Рассказы о русском Израиле: Эссе и очерки разных лет

Аркадий Красильщиков, 2011

Почти каждый из рассказов тянет на сюжет полнометражного фильма. Так появились на свет первые сборники моих опытов в прозе. Теперь перед тобой, читатель, другие истории: новые и старые, по каким-то причинам не вошедшие в другие книжки. Чем написаны эти истории? Скорее всего, инстинктом самосохранения. Как во времена доброй старой прозы, автор пытался создать мир, в котором можно выжить, и заселил его людьми, с которыми не страшно жить.

Оглавление

Нет меня!

В детстве Феликс очень любил сказки. Особенно нравились ему волшебные истории о шапке-невидимке. Он все головные уборы в доме перемерил у зеркала. Мальчик трогательно верил в возможность своего исчезновения, но так и не смог стать невидимым на радость родителям.

Папам и мамам совсем не нравится, когда их дети исчезают.
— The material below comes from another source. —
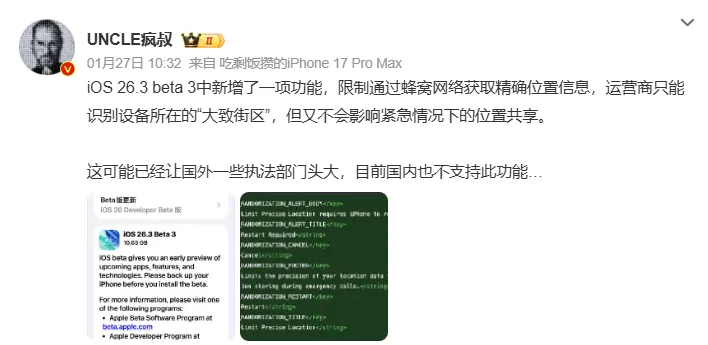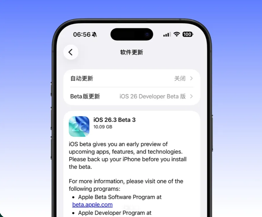 这两天刷着旧手机,夜里推送的 iOS 26.3 Beta 3到位了,先别急着动手,点开更新看一眼,数码店里摸过机器,现在整天看后台数据,大家碰到的事心里都有数,视频通话五分钟,屏幕亮着,电池往下掉,壳子烫手,26.2上这事出现得多,一拨拨留言说用不住,都怀疑自己手机规格不够,其实不是那个方向,系统和软件没对上口,碰到一起就不顺。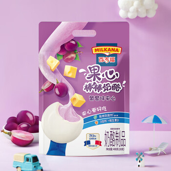 百吉福(MILKANA)全新上市棒棒奶酪儿童奶酪棒 果心葡萄夹心味 400g/袋

Нет, сами они эту пакость практикуют часто. Вот был в семье папа — и вдруг исчез. Бывает, и мамы пропадают… Все бывает на этом свете и чаще всего то, что и быть-то не должно…

Ладно, к делу… Феликс был добрым мальчиком, и он совсем не хотел огорчать своих родителей исчезновением. Он так и решил, что разные шапки не действуют, потому что он еще не готов расстроить близких своей невидимостью.

Тем не менее он продолжал тайком примерять чужие шапки. Соберутся гости на какой-нибудь праздник, оставят на вешалке головные уборы, а Феликс тут как тут; стул подставит — и тащит с полки фуражки, кепки, береты, шляпы, ушанки (если дело происходило зимой) и прочие головные украшения.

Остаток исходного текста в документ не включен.